··· Data ···

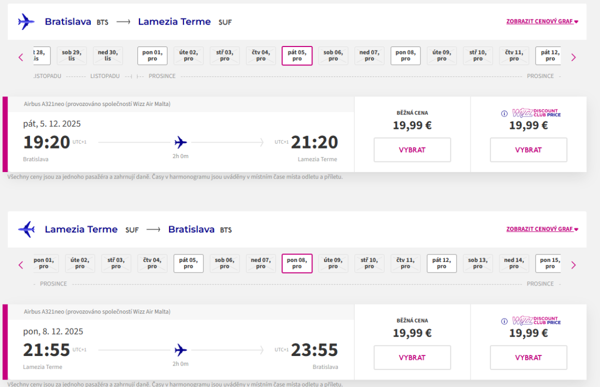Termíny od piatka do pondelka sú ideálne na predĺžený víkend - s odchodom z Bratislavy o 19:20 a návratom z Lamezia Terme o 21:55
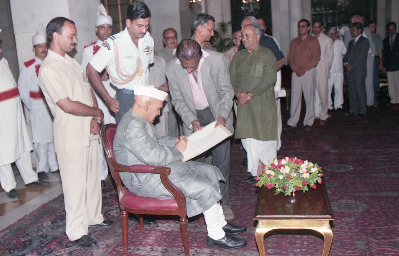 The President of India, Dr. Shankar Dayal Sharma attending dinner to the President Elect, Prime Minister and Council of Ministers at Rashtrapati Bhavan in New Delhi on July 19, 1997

···
··· Data ···

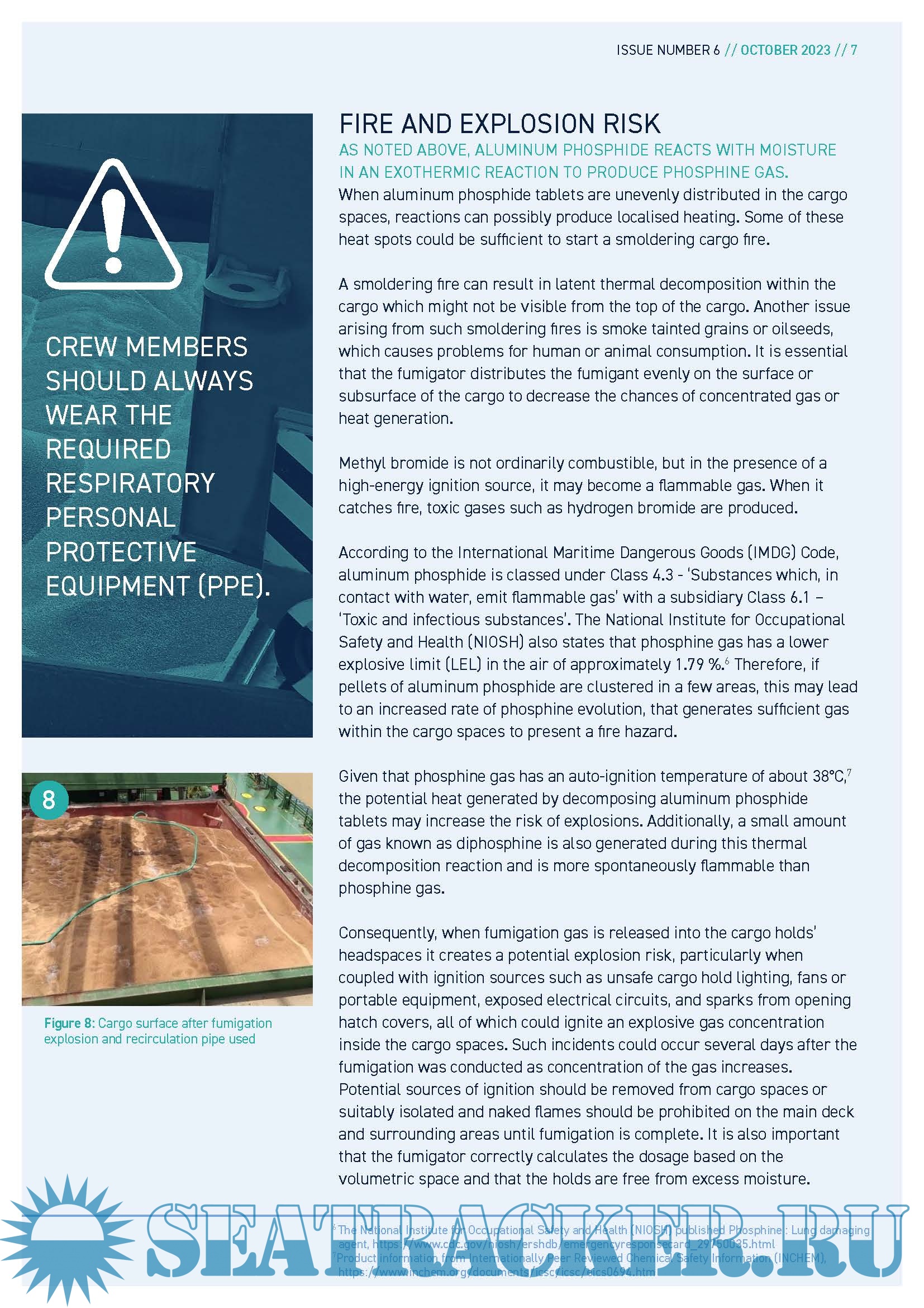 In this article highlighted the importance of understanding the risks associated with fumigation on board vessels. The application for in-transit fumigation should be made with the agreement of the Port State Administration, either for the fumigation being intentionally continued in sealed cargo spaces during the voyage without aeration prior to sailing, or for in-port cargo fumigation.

···

(Exercise description)
Copy nothing but the lines above that run from the one with "Termíny od piatka" to the one with "The President of", ends included; pictures stay out.

(Exercise result)
Termíny od piatka do pondelka sú ideálne na predĺžený víkend - s odchodom z Bratislavy o 19:20 a návratom z Lamezia Terme o 21:55
 The President of India, Dr. Shankar Dayal Sharma attending dinner to the President Elect, Prime Minister and Council of Ministers at Rashtrapati Bhavan in New Delhi on July 19, 1997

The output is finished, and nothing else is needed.